Transcribe nothing but the lines from the one with "The letter from" to the end of the entries, both included, keeping each exact and leaving every picture out.

◆ Records for the task ◆
|---|

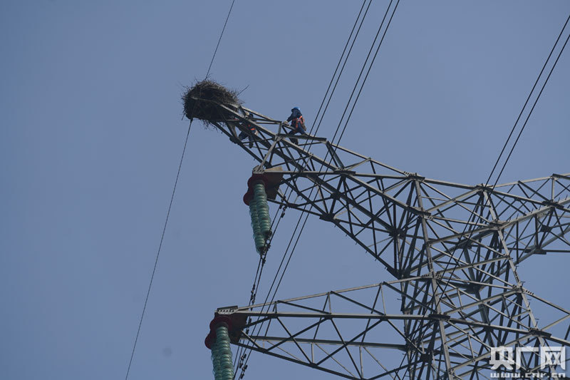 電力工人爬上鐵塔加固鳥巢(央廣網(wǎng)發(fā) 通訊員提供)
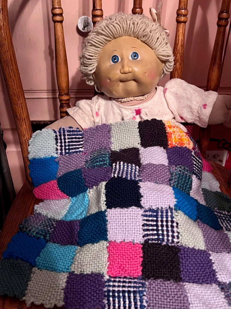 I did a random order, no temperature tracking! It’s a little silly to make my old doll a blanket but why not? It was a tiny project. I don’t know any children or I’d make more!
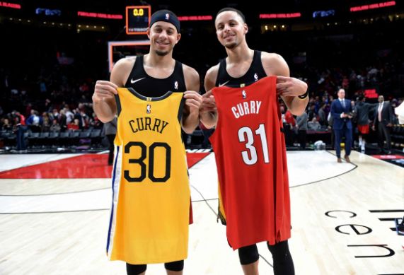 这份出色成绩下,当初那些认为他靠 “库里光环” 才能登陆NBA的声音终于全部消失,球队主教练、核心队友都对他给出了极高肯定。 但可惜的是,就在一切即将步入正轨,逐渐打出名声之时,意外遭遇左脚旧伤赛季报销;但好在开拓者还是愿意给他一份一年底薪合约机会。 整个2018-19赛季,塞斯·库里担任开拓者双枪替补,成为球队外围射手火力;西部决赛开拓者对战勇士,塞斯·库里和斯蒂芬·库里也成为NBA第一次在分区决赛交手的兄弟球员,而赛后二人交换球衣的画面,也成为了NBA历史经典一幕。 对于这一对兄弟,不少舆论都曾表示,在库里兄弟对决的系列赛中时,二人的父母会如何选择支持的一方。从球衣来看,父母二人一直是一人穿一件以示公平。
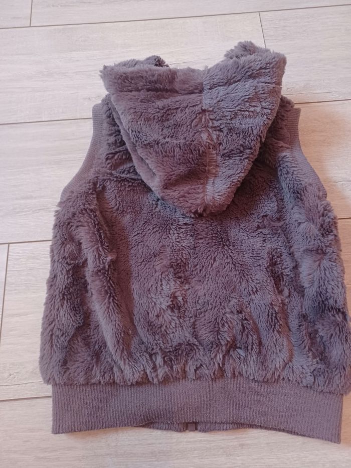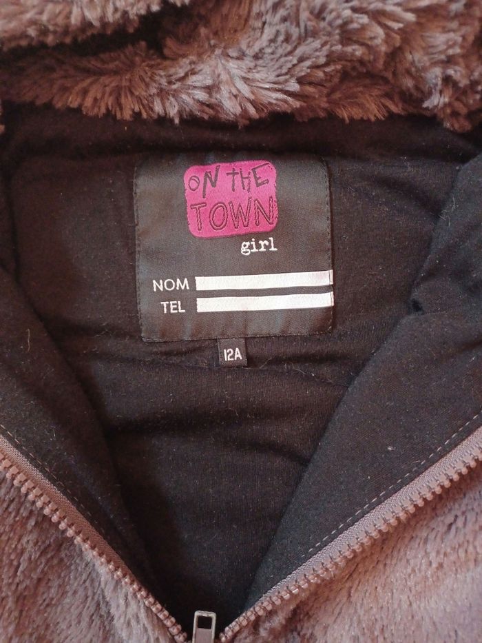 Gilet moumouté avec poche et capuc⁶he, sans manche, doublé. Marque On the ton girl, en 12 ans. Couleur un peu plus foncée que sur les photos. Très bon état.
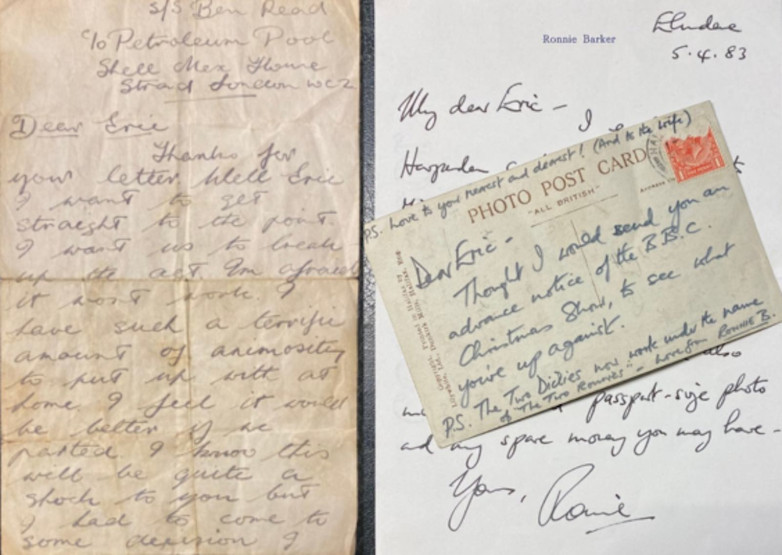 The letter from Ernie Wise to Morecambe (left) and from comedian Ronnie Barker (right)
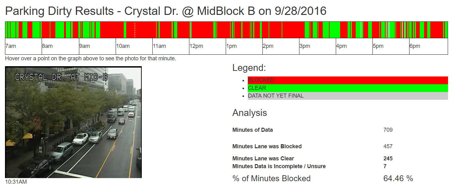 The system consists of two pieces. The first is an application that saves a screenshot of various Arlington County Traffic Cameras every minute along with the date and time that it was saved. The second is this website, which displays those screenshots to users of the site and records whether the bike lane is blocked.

|---|

◆ Task solution ◆
 The letter from Ernie Wise to Morecambe (left) and from comedian Ronnie Barker (right)
 The system consists of two pieces. The first is an application that saves a screenshot of various Arlington County Traffic Cameras every minute along with the date and time that it was saved. The second is this website, which displays those screenshots to users of the site and records whether the bike lane is blocked.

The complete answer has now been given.